### [What to work on]
Copy, word for word, the line containing "Kuva 3. Genret ja niiden kuvamerkinntät." and each line that follows it in the entries below; pictures do not belong in the copy.

### [Available data]
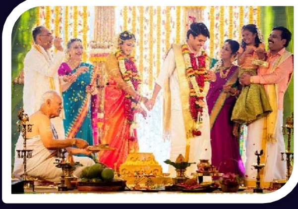
MRDSKS सगुन योजना
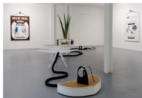
Gauthier Leroy, Fishbone (Diagram) , 2014 / Collection Frac Normandie Caen © Gauthier Leroy - photo : Marc Damage
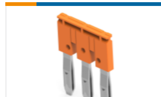
TE 产品编号1SNK908303R0000 JB8-3
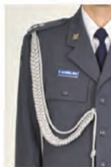
sposób noszenia znaku imiennego
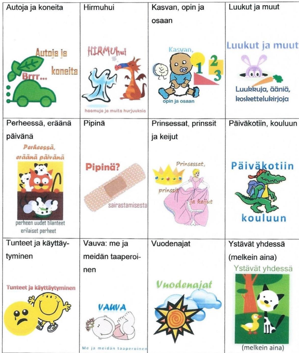
Kuva 3. Genret ja niiden kuvamerkinntät.
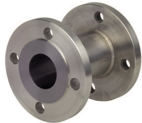
Трубные проточные мембранные разделители для фланцевых соединений, модель 981.27

Манометр или преобразователь приварены напрямую, преобразователь давления с резьбовым переходником

### [Response]
Kuva 3. Genret ja niiden kuvamerkinntät.
Трубные проточные мембранные разделители для фланцевых соединений, модель 981.27

Манометр или преобразователь приварены напрямую, преобразователь давления с резьбовым переходником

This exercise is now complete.